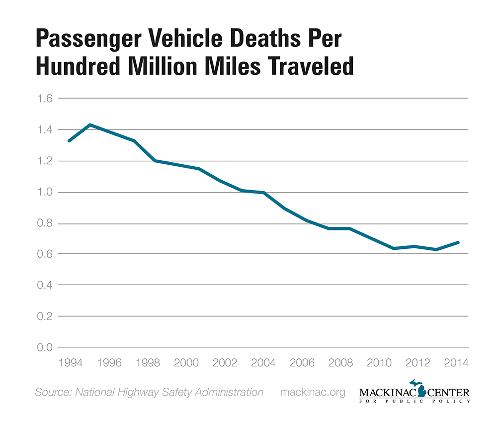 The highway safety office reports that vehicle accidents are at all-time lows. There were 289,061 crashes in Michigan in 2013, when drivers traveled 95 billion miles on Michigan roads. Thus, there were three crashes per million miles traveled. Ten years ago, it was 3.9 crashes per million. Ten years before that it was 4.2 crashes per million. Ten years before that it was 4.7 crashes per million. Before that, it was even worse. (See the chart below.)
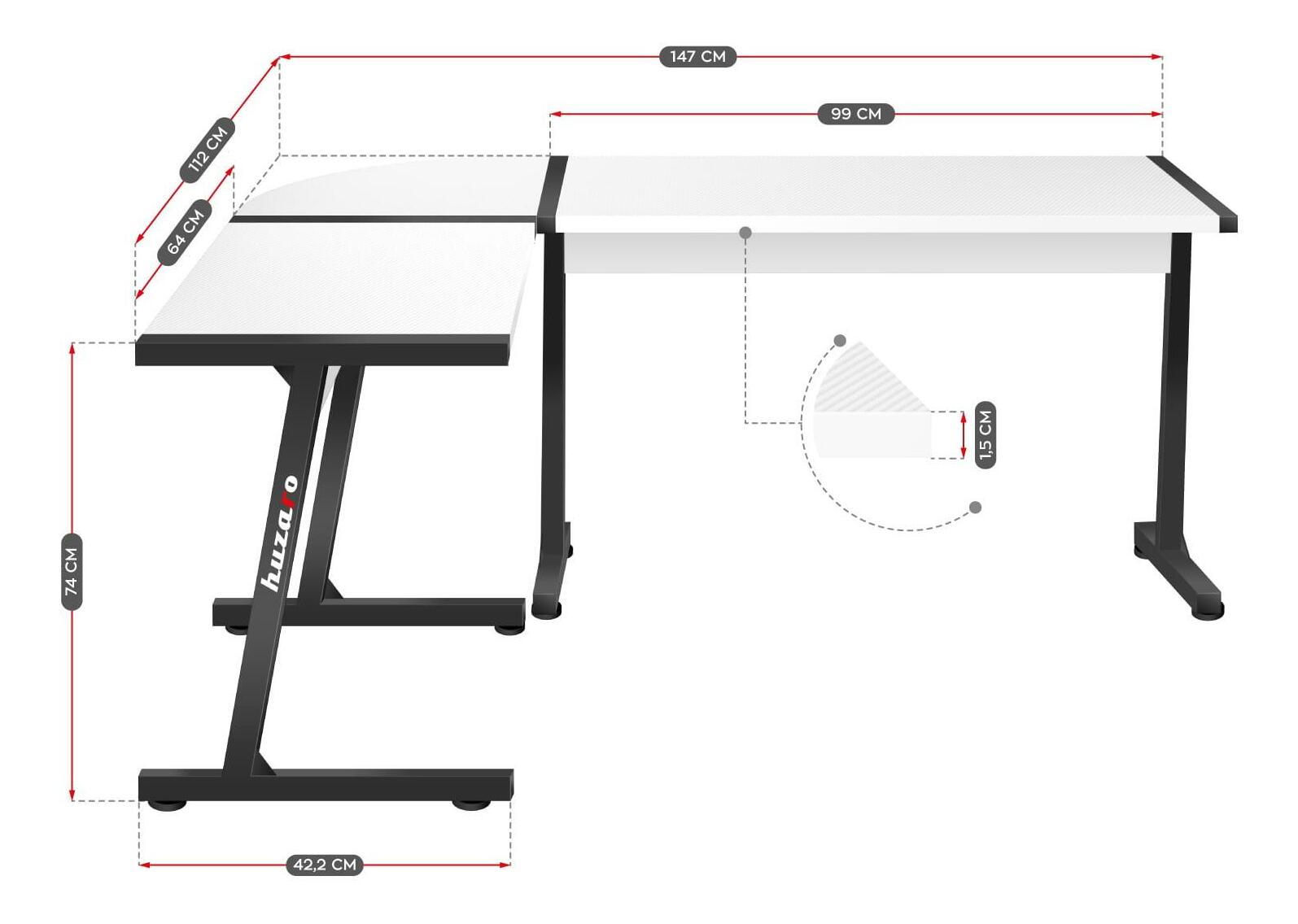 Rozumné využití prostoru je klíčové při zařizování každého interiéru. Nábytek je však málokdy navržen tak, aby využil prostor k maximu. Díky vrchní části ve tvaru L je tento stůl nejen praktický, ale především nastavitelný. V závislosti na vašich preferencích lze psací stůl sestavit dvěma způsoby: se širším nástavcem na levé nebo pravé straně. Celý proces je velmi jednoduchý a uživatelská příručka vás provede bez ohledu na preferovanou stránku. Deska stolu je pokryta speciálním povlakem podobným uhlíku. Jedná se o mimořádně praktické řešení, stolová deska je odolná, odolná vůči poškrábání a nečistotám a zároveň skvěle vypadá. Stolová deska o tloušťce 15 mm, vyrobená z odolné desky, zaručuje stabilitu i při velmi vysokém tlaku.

==

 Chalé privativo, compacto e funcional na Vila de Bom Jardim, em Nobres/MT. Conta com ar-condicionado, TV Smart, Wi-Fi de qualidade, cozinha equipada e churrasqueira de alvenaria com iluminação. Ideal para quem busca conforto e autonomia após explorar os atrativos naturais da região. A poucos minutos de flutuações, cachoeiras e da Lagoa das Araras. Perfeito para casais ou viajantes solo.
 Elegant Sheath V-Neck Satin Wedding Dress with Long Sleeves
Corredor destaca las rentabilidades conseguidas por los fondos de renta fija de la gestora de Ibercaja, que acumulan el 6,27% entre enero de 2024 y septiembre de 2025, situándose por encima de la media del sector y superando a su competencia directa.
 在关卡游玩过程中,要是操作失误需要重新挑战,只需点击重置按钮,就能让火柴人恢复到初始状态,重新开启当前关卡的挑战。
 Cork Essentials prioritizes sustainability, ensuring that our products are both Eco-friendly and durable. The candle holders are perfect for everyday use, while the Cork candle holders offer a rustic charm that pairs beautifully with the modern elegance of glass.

#### Exercise aim:
Every line in the material above that has the word "with" should be copied.

#### Output for this exercise:
 Elegant Sheath V-Neck Satin Wedding Dress with Long Sleeves
 Cork Essentials prioritizes sustainability, ensuring that our products are both Eco-friendly and durable. The candle holders are perfect for everyday use, while the Cork candle holders offer a rustic charm that pairs beautifully with the modern elegance of glass.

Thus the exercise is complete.